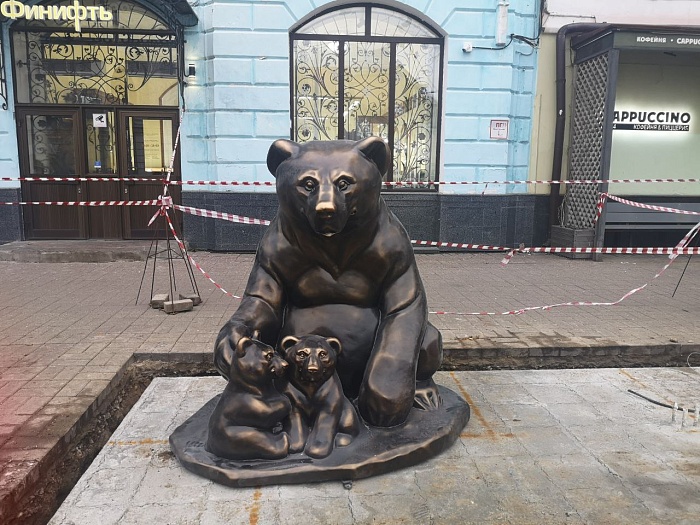 Еще одна скульптура и снова в виде медведя появилась в Ярославле. Это медведица с медвежатами, ее установили на улице Кирова.
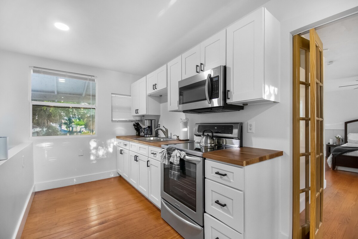 Sea-Glass Bungalow Tropical Peaceful Retreat. All are welcome here! Feel your worries melt away as the tropical breeze rustles the private garden, enjoy unique features such as hanging hammocks & screened-in porch. This unique space has a style all its own. Artistic accents highlight this converted garage into a modern studio.. When you’re not relaxing in this tropical oasis, explore the Lighthouse, Alligator Farm & Bird Watching, White-Sand BCHs, The AMP & DWTN all this< 1mi away.
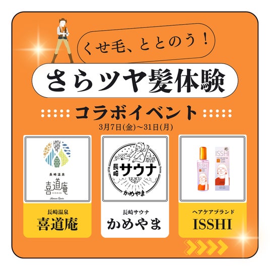「カラダととのう、くせ毛ととのう。」さらツヤ髪体験!長崎温泉喜道庵×長崎サウナかめやま×ISSHI(イッシ)トリプルコラボキャンペーン開催!!
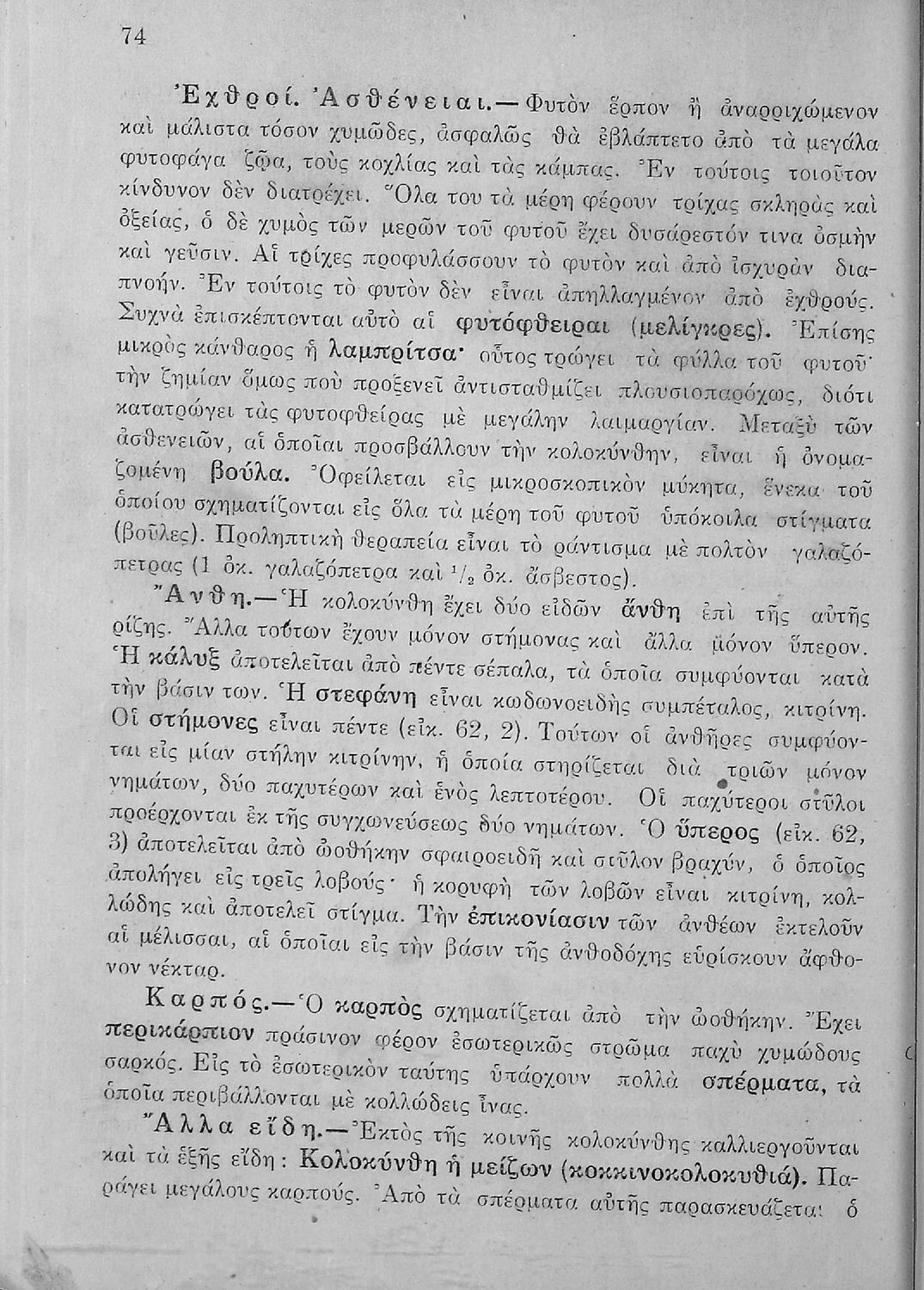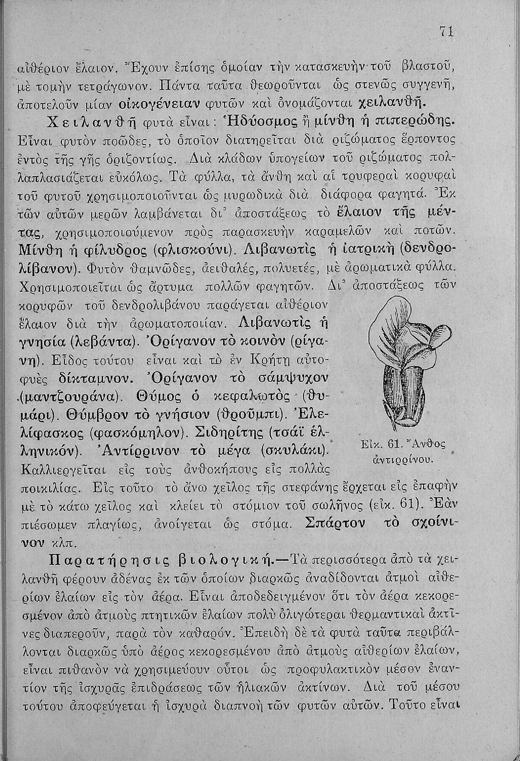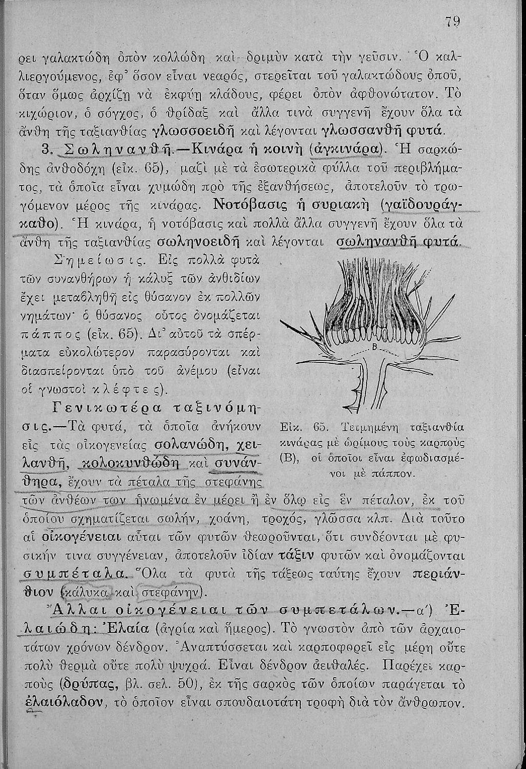 Βαθμίδα εκπαίδευσης: Δευτεροβάθμια Τάξη: Β' Γυμνασίου / Α' Αστικού Σχολείου Γλώσσα: Καθαρεύουσα Παρουσίαση περιεχομένου: Σχολικό εγχειρίδιο Ζωολογίας/Φυτολογίας για τα Γυμνάσια και Αστικά Σχολεία που παρουσιάζει διάφορα ζώα και φυτά ανάλογα με τη συνομοταξία στην οποία ανήκουν. |

WHAT TO WORK ON: When you retype the listing, keep every line exactly as it is and drop the pictures.

EXERCISE RESULT:
 Еще одна скульптура и снова в виде медведя появилась в Ярославле. Это медведица с медвежатами, ее установили на улице Кирова.
 Sea-Glass Bungalow Tropical Peaceful Retreat. All are welcome here! Feel your worries melt away as the tropical breeze rustles the private garden, enjoy unique features such as hanging hammocks & screened-in porch. This unique space has a style all its own. Artistic accents highlight this converted garage into a modern studio.. When you’re not relaxing in this tropical oasis, explore the Lighthouse, Alligator Farm & Bird Watching, White-Sand BCHs, The AMP & DWTN all this< 1mi away.
「カラダととのう、くせ毛ととのう。」さらツヤ髪体験!長崎温泉喜道庵×長崎サウナかめやま×ISSHI(イッシ)トリプルコラボキャンペーン開催!!
 Βαθμίδα εκπαίδευσης: Δευτεροβάθμια Τάξη: Β' Γυμνασίου / Α' Αστικού Σχολείου Γλώσσα: Καθαρεύουσα Παρουσίαση περιεχομένου: Σχολικό εγχειρίδιο Ζωολογίας/Φυτολογίας για τα Γυμνάσια και Αστικά Σχολεία που παρουσιάζει διάφορα ζώα και φυτά ανάλογα με τη συνομοταξία στην οποία ανήκουν. |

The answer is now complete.